Capital budgeting is the backbone of financial economics. Related topics in financial economics include: the time value of money, the meaning of net-present value, accounting concepts consistent with present-value calculations, discount rates, and option valuation techniques.
In the public sector, the term is often exclusively associated with infrastructure investments -- plant and equipment. It is more properly associated with all policy choices that have significant, long-term consequences: especially decisions about missions, programs, products, processes, or procedures.

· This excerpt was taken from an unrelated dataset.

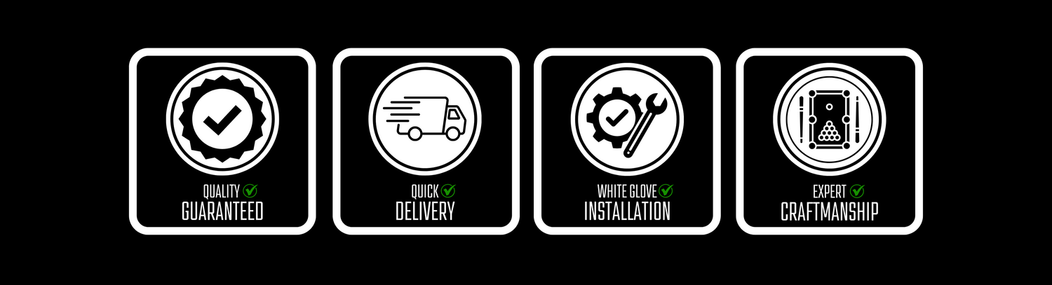 Our pool tables are made by the best names around the globe. This means that they are made to last a lifetime. Using only the finest materials, we stand by the quality of all our products and no matter which one you choose, we are confident you will absolutely LOVE your table.

There are standard solutions to several kinds of capital-budgeting problems: make or buy decisions, investment in working capital (especially inventories) decisions, maintenance-level decisions, project selection, the choice of mutually exclusive investments, and investments in plant with fluctuating rates of production. However, the same basic calculus of benefits and costs is supposed to guide all classes policy choices with long-term consequences.
Financial Theory
Financial theory teaches that, in the presence of a capital market where funds can be obtained at a price, welfare will be maximized by the implementation of all policy choices that generate positive net-present values. This means, in part, that the timing of benefits and costs is generally of no importance. Most students of financial economics further assert that capital budgeting decisions should also be independent of the source of financing -- value will be the same regardless of whether it is financed with debt, equity or taxes.
Taken together these two assertions imply that all capital budgeting decisions should be governed by cost-benefit analysis, which says: do it whenever benefits exceed costs.